C.4 Ablation of Different Loss Calculation Strategies

Table 10: Results of different loss calculation methods on the HumanML3D test set.

Loss Calculation	R@1 $\uparrow$	R@3 $\uparrow$	FID $\downarrow$	MMDist $\downarrow$
Motion Seq Loss	0.388	0.650	0.680	3.919
Whole Seq Loss	0.466	0.752	0.101	3.234

We also investigate the impact of different loss calculation strategies on model performance: We compare two strategies: 1) calculating the loss solely on the output motion tokens, and 2) calculating the loss on both the input text and the output motion tokens. As shown in Table LABEL:tab:training_obj, our results indicate that the second strategy yields better performance. This improvement compared to the first alternative is likely due to the strategy’s ability to prevent catastrophic forgetting of text understanding. Additionally, it helps mitigate overfitting to motion patterns in the training data, thereby enhancing the model’s generalization ability.

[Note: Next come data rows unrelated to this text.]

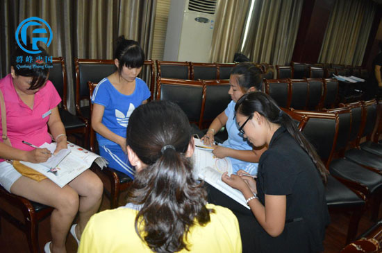群峰忠国教育集团司亚蕊老师引导老师们,怎么来上好《弟子规》课程,老师们仔细的看每个板块的内容,而且教学过程中的每个动作老师们也都在认真的练习。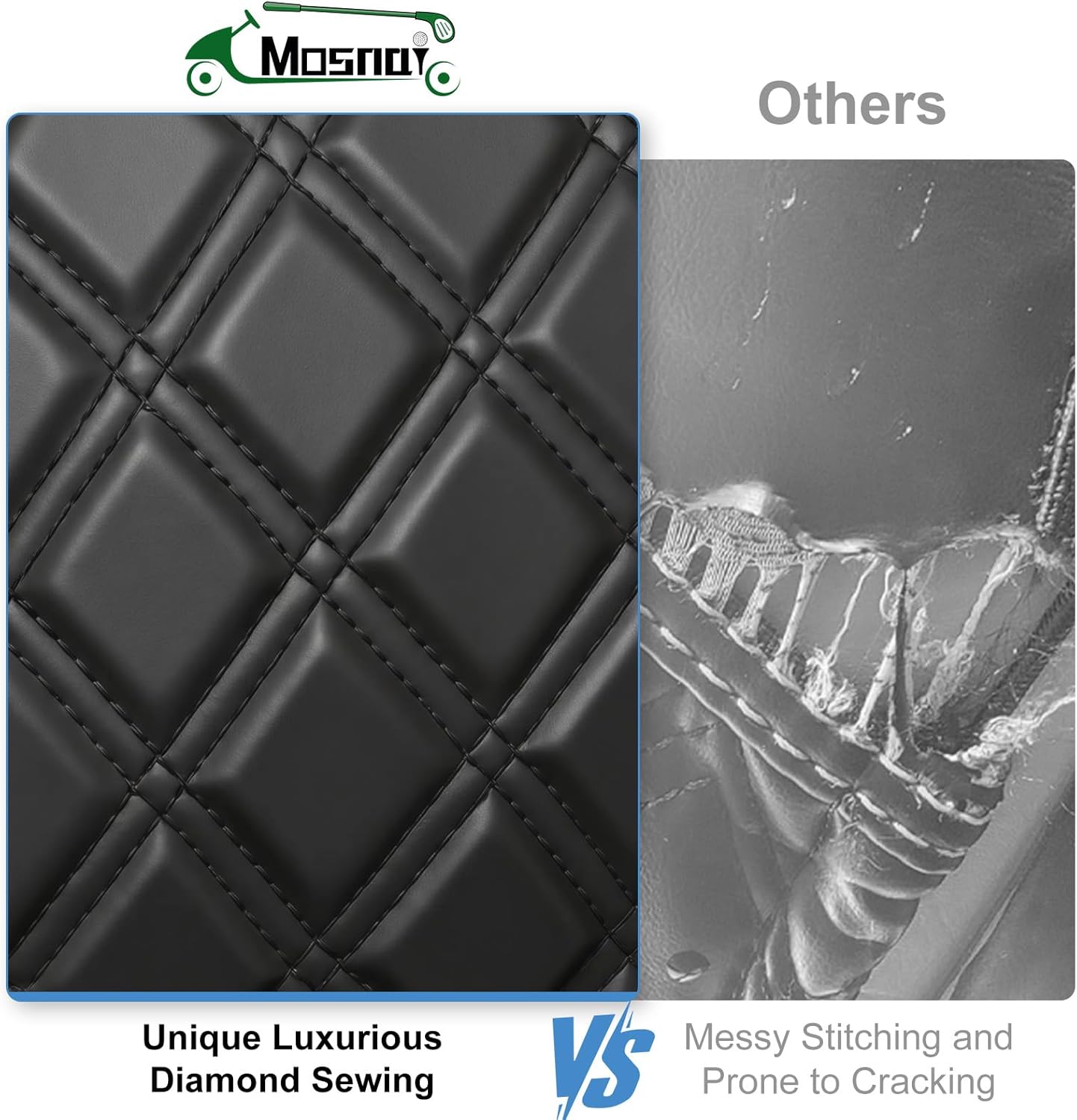 - Upgrade Design: ①Smooth vinyl PVC leather material and black color make it easy to clean and dirty resistance. ②Small pocket for storing keys, cards, Phone etc. ③Square concave and convex design appearance makes your golf cart brand new and fashion.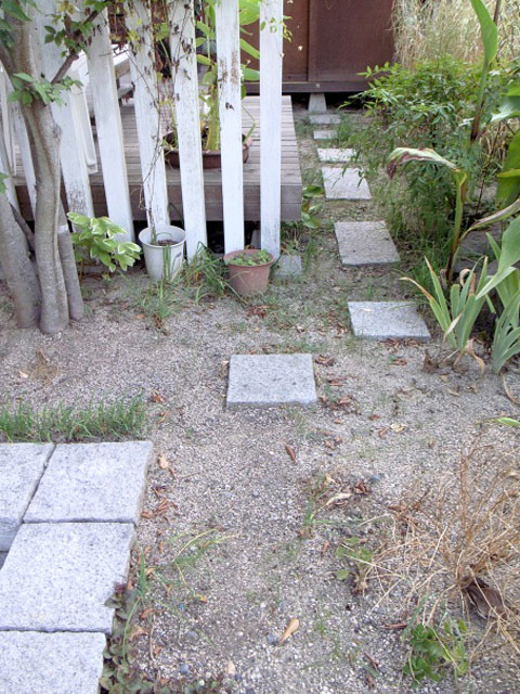 これで、リビングからデッキに出る室内からの動線と、テラスからデッキを通らずに物置に行ける庭中心の動線と、ふたつの小径ができたのではないかと思います。実際のところ、家庭菜園や草取りの作業をする場合、デッキを迂回できる動線があった方が好都合です。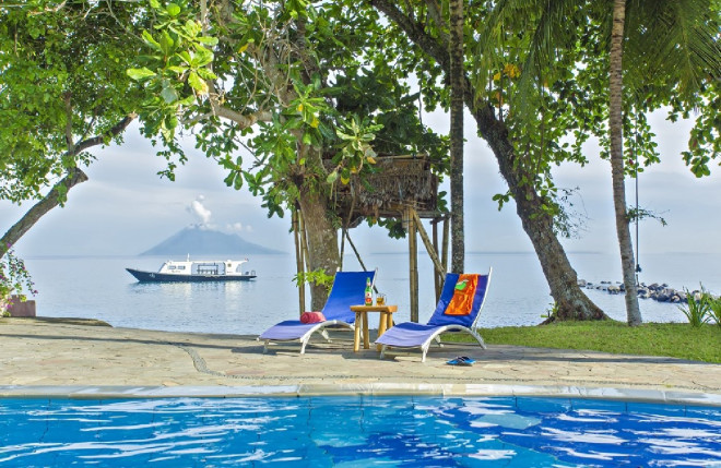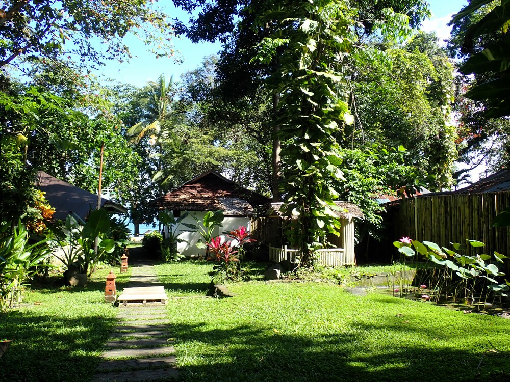 Das Murex-Manado ist ein schönes gemütliches Tauch-Resort inmitten eines schöner Gartenanlage mit kleinem Flusslauf und Seerosen- und Fischteich und einem schönen Blick auf den Manado Tua und die Bunaken.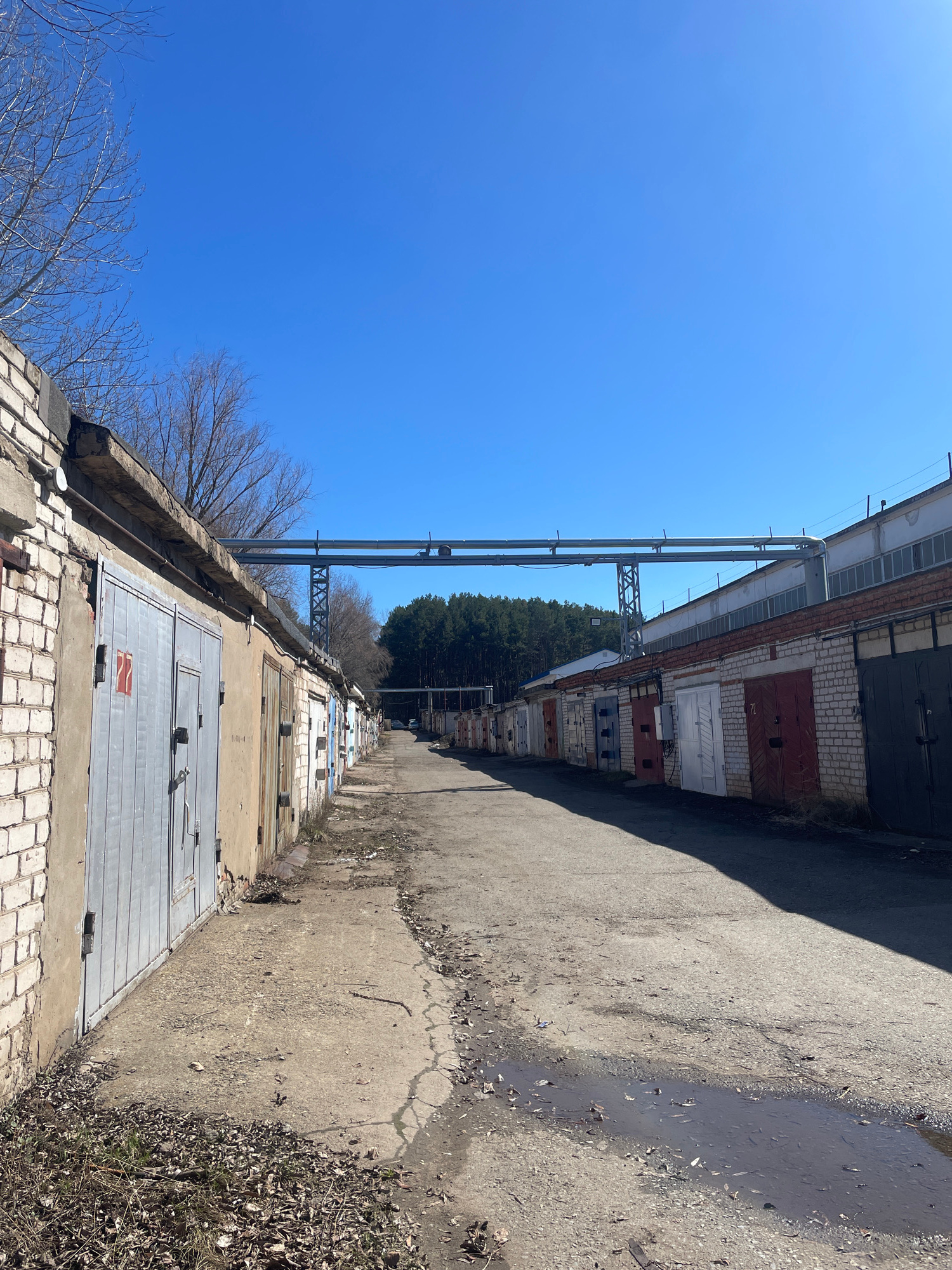 The image shows a row of garage doors along a cracked concrete alleyway in Chaikovsky, Russia. The garages are constructed of brick, with metal doors of varying colors and conditions. Some have visibl…read more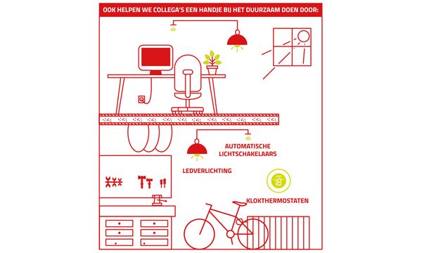 Een prettige werkplek en bewust omgaan met energie gaan prima samen! Op de vestigingen hebben we bijvoorbeeld automatische lichtschakelaars. En we gebruiken enkel hernieuwbare energiebronnen als groene stroom en -gas. Onze nieuwe panden worden gelijk voorzien van LED-verlichting, in bestaande panden wordt dit gefaseerd ingevoerd.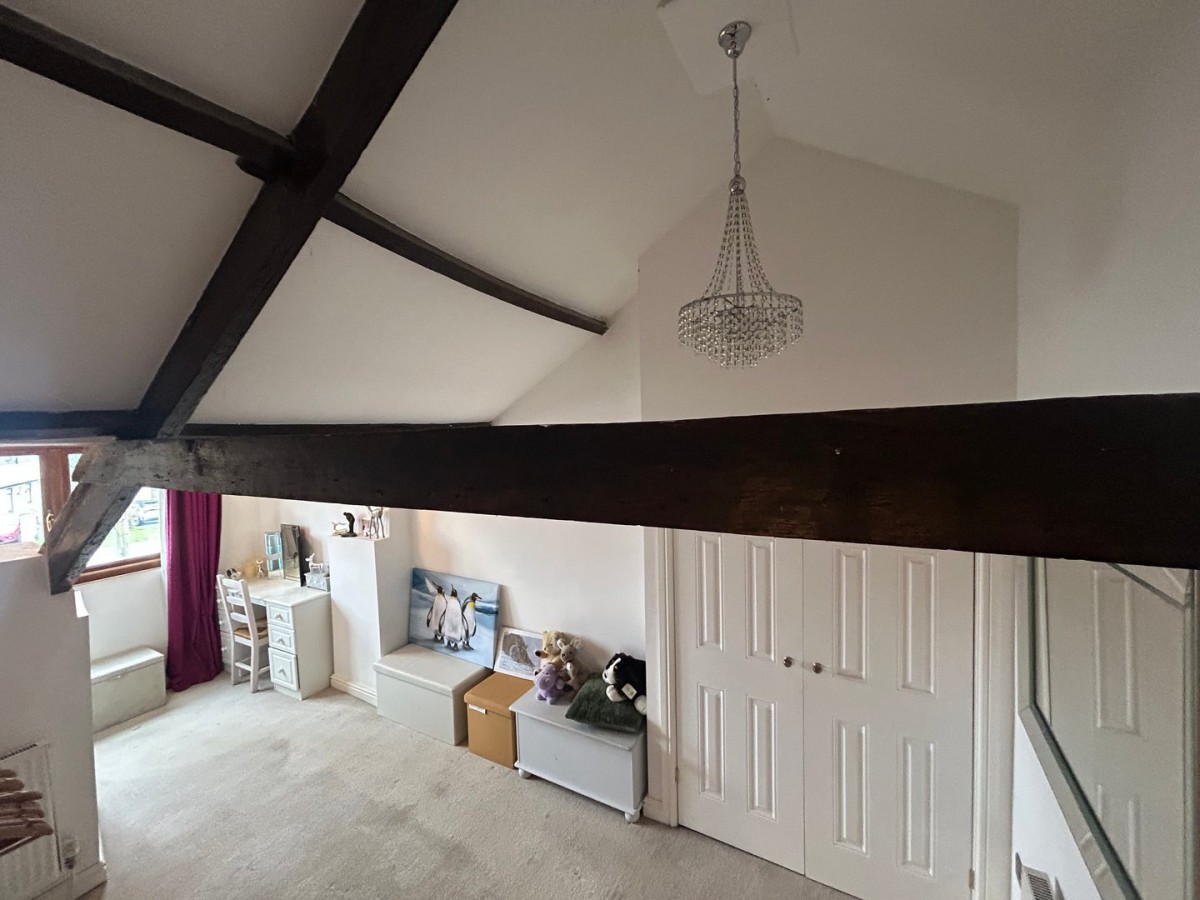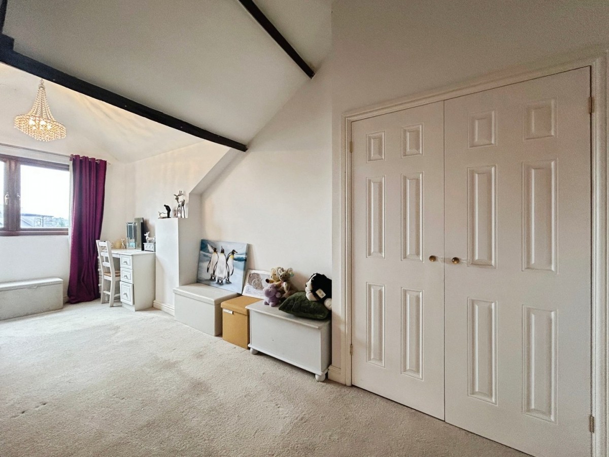 2.64m x 3.47m (8' 8" x 11' 5") Skimmed and emulsioned ceiling with centre light and wooden beams, emulsioned walls, skirting, fitted carpet, radiator and eaves storage. PVCu French doors leading out to the balcony with views over the woodlands.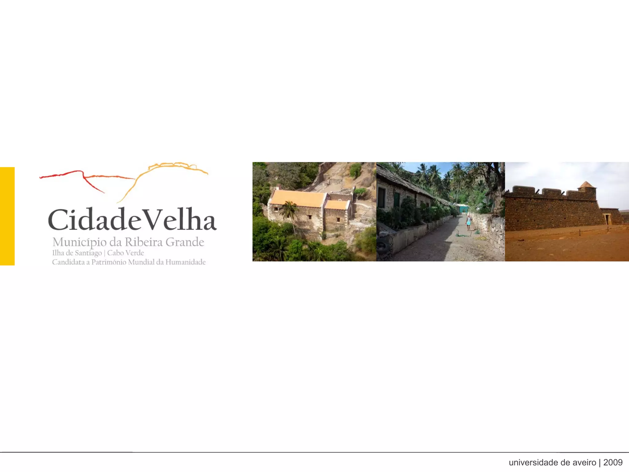 O documento propõe a criação de ferramentas digitais para preservar e explorar a história da Cidade Velha, incluindo um sistema de gestão de informação, uma wiki, uma visita virtual e jogos educativos sobre a cidade.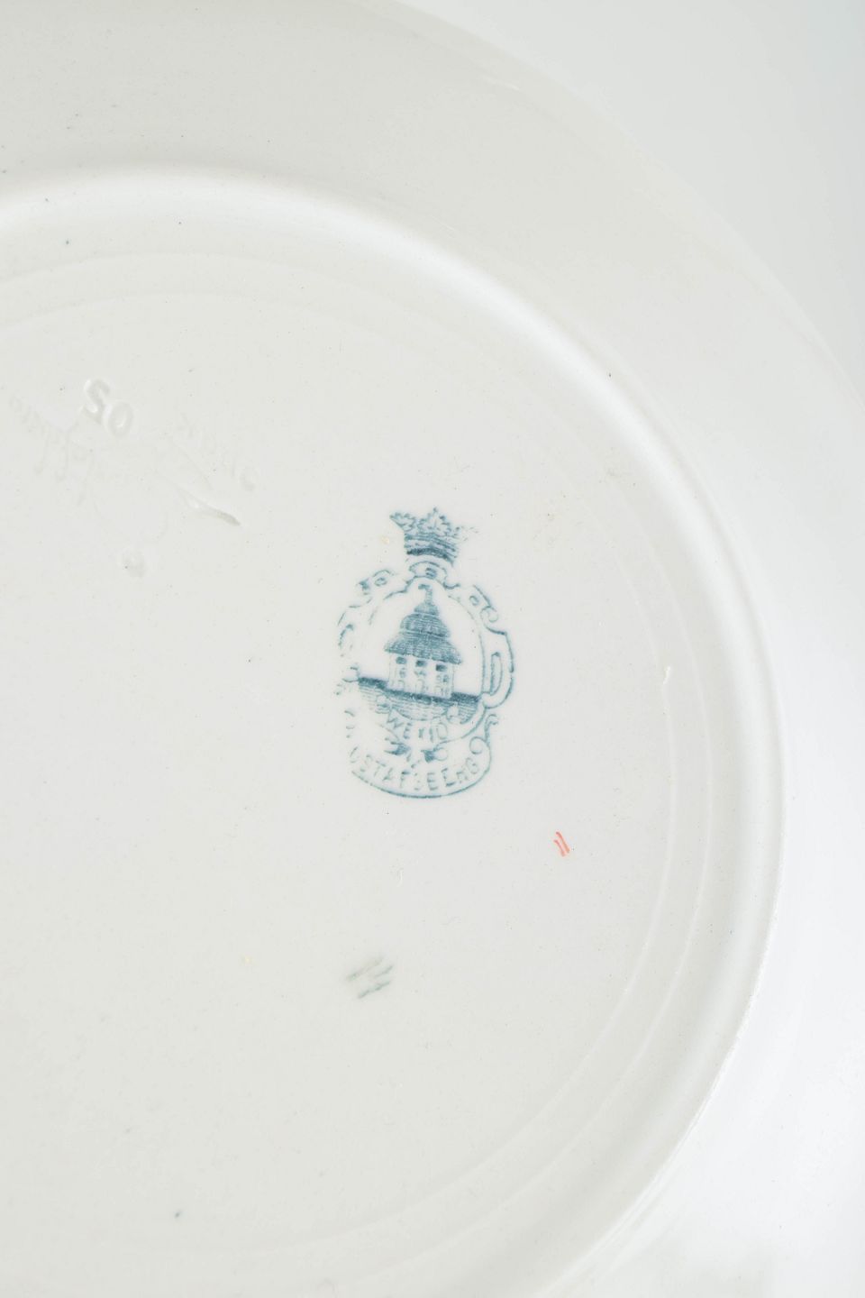 Gustavsberg, grundlagt i 1825 nær Stockholm, var en af Sveriges førende porcelæns- og fajancefabrikker gennem 1800- og 1900-tallet. Serien “Wexiö” blev produceret omkring år 1900 og afspejler tidens interesse for naturmotiver og dekorative overførselstryk i afdæmpede farver.

C.5 Ablation of Motion Quantization

First, we provide additional FID results on Motion-X in Figure 12. It is worth noting that while our motion quantizer performs worse than RQ-VAE on the smaller HumanML3D dataset, it surpasses both VQ and RQ when evaluated on the larger Motion-X and MotionBase benchmarks, as can be seen in Table 6. This suggests that our approach offers a greater advantage when applied to larger datasets, highlighting its improved generalization compared to previous methods.

To further validate the effectiveness of our 2D quantization strategy, we compare the 2D-LFQ method with its 1D counterpart (which is identical to VQ except for the quantization strategy). The results, shown in Table 11, demonstrate that 2D quantization in LFQ significantly outperforms the 1D version. This highlights the superior ability of 2D quantization to enhance the representational capacity of the motion tokenizer.

Table 11: Ablation of 2D motion quantization vs. its 1D version.

			HumanML3D		Motion-X		MotionBase
Tokenizer	#Num.	#Param.	FID $\downarrow$	MPJPE $\downarrow$	FID	MPJPE	FID	MPJPE
1D-LFQ	16384	19.43M	3.85	52.5	2.783	78.9	10.358	80.1
2D-LFQ	16384	108.35M	1.769	45.6	0.295	54.1	7.853	64.1

Appendix D Additional Quantitative Results

We provide some examples to visualize the human motions predicted by our large motion model trained on MotionBase, as illustrated in Figure 13. As can be seen, our large motion model is capable of generating motion sequences that align well with the input texts, demonstrating the effectiveness of the MotionBase dataset.